Our log aggregation platform was generating thousands of alerts, but the signal-to-noise ratio was abysmal. A flurry of “database connection refused” messages from different microservices would trigger a dozen distinct alerts, overwhelming the on-call engineer. These messages, while textually unique due to varying service names and timestamps, were semantically identical. Traditional text matching and regex-based alerting rules were failing us. The core technical pain point was an inability to group alerts based on semantic meaning in real-time.

The initial concept was to shift from lexical analysis to vector-based similarity search. Each incoming log or event would be passed through a sentence-embedding model, converting it into a high-dimensional vector. “Normal” operational states would form dense clusters in this vector space. A true anomaly would be a vector far from any known cluster. More importantly, a wave of semantically similar issues would produce a new, tight cluster of vectors, which we could identify and consolidate into a single, high-confidence meta-alert. This required a pipeline capable of real-time embedding, ultra-fast vector search, and a mechanism to push these findings to an operator dashboard with sub-second latency.
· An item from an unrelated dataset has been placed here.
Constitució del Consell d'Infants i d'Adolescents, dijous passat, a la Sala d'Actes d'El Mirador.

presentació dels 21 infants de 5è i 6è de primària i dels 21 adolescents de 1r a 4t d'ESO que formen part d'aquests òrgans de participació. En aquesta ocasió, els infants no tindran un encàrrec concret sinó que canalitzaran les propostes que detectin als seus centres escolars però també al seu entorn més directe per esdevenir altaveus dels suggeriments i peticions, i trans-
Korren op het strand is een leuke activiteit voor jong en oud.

This led to a critical evaluation of our technology stack. For the vector database, we benchmarked a self-hosted FAISS index against Milvus. While FAISS offered raw performance, Milvus provided a more complete ecosystem with client SDKs, a standalone server architecture, and configurable indexing strategies that could be modified without code changes. In a real-world project, this operational flexibility is invaluable. For our streaming ingestion and query pattern, Milvus’s support for partitioning and hybrid search (filtering on metadata before vector search) was the deciding factor.
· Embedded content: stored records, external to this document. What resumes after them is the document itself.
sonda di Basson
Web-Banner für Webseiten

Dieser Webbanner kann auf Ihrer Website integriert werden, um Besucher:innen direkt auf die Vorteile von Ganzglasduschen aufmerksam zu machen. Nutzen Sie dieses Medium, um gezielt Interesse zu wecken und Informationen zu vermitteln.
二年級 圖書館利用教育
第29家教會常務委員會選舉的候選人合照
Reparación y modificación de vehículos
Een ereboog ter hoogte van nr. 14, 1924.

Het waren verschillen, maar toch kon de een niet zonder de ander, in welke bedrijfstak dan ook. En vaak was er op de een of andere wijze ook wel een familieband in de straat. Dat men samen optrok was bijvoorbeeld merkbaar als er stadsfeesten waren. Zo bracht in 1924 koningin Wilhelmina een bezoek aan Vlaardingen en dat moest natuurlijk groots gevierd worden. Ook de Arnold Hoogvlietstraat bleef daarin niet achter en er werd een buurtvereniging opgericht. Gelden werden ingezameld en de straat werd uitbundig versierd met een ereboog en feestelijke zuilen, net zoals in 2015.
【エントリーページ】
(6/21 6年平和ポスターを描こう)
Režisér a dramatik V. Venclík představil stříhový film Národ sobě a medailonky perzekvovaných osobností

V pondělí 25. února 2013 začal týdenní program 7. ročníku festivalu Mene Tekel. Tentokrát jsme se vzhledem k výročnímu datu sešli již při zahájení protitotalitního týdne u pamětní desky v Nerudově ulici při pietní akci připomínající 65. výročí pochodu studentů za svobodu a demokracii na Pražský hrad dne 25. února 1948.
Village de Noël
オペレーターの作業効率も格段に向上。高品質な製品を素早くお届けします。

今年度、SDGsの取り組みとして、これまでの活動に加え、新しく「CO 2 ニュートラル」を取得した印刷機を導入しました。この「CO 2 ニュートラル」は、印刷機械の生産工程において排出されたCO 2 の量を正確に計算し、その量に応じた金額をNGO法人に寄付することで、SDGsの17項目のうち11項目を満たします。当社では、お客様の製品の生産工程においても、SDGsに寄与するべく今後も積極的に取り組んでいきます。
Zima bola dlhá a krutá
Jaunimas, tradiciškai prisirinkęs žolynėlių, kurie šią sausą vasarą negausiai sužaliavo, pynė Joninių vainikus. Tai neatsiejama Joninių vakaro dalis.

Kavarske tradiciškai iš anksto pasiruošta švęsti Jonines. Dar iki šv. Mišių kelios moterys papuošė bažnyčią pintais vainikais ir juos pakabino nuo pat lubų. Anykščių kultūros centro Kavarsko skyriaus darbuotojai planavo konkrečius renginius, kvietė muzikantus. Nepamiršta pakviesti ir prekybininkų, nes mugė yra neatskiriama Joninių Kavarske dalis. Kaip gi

For the real-time push to the frontend, the debate was between WebSockets and Server-Sent Events (SSE). WebSockets offer bidirectional communication, which was overkill for our use case—we only needed to push data from the server to the client. SSE, operating over standard HTTP, is fundamentally simpler. It provides automatic reconnection handling out of the box, which reduces the amount of boilerplate and error-handling logic on the client side. A common mistake is to reach for the most powerful tool (WebSockets) when a simpler one (SSE) perfectly fits the requirements and reduces long-term maintenance overhead.
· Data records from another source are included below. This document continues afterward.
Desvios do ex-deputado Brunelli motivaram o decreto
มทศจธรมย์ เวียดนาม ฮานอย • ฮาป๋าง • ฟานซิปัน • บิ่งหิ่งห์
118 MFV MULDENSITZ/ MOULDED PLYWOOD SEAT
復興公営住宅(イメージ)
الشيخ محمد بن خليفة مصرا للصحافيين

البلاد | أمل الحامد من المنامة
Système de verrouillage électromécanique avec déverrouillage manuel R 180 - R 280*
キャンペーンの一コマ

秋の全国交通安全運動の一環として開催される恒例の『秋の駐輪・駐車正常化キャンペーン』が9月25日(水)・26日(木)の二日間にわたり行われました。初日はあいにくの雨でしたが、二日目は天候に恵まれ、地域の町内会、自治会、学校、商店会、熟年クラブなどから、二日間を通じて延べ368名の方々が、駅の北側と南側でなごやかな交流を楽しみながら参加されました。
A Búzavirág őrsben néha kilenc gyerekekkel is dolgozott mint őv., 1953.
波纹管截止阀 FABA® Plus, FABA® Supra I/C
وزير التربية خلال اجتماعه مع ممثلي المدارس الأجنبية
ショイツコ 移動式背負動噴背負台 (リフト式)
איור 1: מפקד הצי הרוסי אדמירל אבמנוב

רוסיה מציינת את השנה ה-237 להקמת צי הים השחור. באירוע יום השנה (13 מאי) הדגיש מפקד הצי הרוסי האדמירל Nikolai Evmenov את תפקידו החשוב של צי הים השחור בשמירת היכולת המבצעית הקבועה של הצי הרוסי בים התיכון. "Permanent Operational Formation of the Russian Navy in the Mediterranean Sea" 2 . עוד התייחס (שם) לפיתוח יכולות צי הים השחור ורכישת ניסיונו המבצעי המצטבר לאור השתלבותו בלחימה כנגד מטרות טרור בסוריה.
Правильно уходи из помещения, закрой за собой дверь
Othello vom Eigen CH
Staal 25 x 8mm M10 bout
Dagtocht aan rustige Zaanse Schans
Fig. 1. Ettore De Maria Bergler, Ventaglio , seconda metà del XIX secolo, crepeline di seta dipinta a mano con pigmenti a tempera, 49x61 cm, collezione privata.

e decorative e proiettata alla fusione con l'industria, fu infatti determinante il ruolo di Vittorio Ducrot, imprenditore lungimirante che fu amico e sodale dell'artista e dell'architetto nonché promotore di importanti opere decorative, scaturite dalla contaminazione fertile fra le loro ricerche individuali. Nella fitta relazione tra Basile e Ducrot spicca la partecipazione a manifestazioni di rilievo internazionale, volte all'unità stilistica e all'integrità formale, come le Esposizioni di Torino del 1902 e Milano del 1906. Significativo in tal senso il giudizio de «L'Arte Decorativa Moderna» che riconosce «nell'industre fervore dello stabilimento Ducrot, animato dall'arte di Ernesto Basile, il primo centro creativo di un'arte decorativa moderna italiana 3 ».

The frontend itself would be our standard React stack, built with Babel and Webpack, using Ant Design for the UI components. The final piece was monitoring. We could have tried to force Grafana to visualize this data, but it’s ill-suited for displaying unstructured, event-driven anomaly clusters. The pragmatic decision was to build a purpose-built dashboard with Ant Design for visualizing the semantic alert data, and relegate Grafana to its primary strength: monitoring the health and performance of our new vector-pipeline itself.

The Backend Pipeline: Ingestion, Vectorization, and Search

The core of the system is a Node.js service built with Express. It has three primary responsibilities: ingest raw events, convert them to vectors, query Milvus to find similar existing events, and broadcast new anomalies.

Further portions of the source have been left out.